AT&T Advocates Innovative Solutions to Growing Cyber-Security Threats to Consumers, Businesses and Government Agencies

March 19, 2009

AT&T Chief Security Officer Tells Senate Committee Cyber-Crime Exceeds Drug Trafficking as the Most Lucrative Illegal Global Business

AT&T Chief Security Officer Edward Amoroso told a Senate Commerce Committee today that cyber-security threats have increased significantly over the past five years, and are evolving to the point where they pose a significant threat to both private and government institutions.

Testifying before the Senate Committee on Commerce, Science, and Transportation, Amoroso said, "Evolving and more lethal types of cyber-attacks can devastate infrastructure. It has become so easy and rampant that the risk has grown exponentially. The result is a laser-like cyber-attack on an unsuspecting business or government system." He added, "Last year the FBI announced that revenues from cyber-crime, for the first time ever, exceeded drug trafficking as the most lucrative illegal global business, estimated at reaping more than $1 trillion annually in illicit profits."

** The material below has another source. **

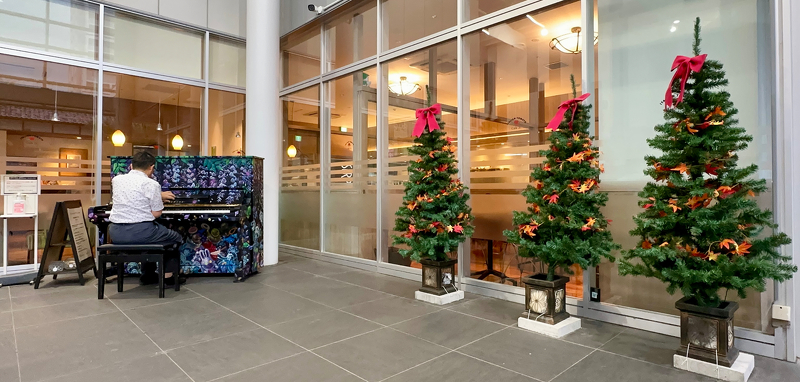 無味乾燥となりがちな人の行き交う場所に、ピアノの音が聞こえてくると、潤いのある空間を感じさせくれます。

Most citizens equate the issue of cyber-security with viruses that find their way onto computers, or with the stories they hear about so-called "security breaches" resulting from laptops being lost or stolen. While these are certainly problems, from the perspective of protecting the nation's critical infrastructure, these issues are not nearly as severe.

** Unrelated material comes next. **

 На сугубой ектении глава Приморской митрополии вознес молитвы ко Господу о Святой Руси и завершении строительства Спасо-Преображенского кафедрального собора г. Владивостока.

Amoroso noted, "Cyber-security is more about protecting the infrastructure from intrusion by individuals or forces determined to disrupt the flow of data and the storage of information."

Amoroso recommended three actions to address the growing cyber threat to the U.S.

• The federal government procurement process needs to be upgraded to implement sufficient security protections to deal with large-scale cyber-attacks.
• More international partnership and cooperation is required during a cyber-attack.
• Endorse several National Security Telecommunications Advisory Committee (NSTAC) recommendations to improve public and private sector communications to better thwart cyber-attacks.

For AT&T, cyber-security is the collective set of capabilities, procedures and practices that are designed to protect our customers and the services we offer them from the full spectrum of cyber-threats, including botnets. To this end, strong cyber-security is essential to maintaining the integrity and reliability of the network, as well as protecting privacy of personal customer information.

This year alone, AT&T is investing approximately $17 billion to $18 billion to expand the capabilities of our network and infrastructure to meet the rapid global expansion of advanced information technology and services, and to enhance reliability and security. AT&T's advanced network technology currently transports more than 17 petabytes a day of IP data traffic.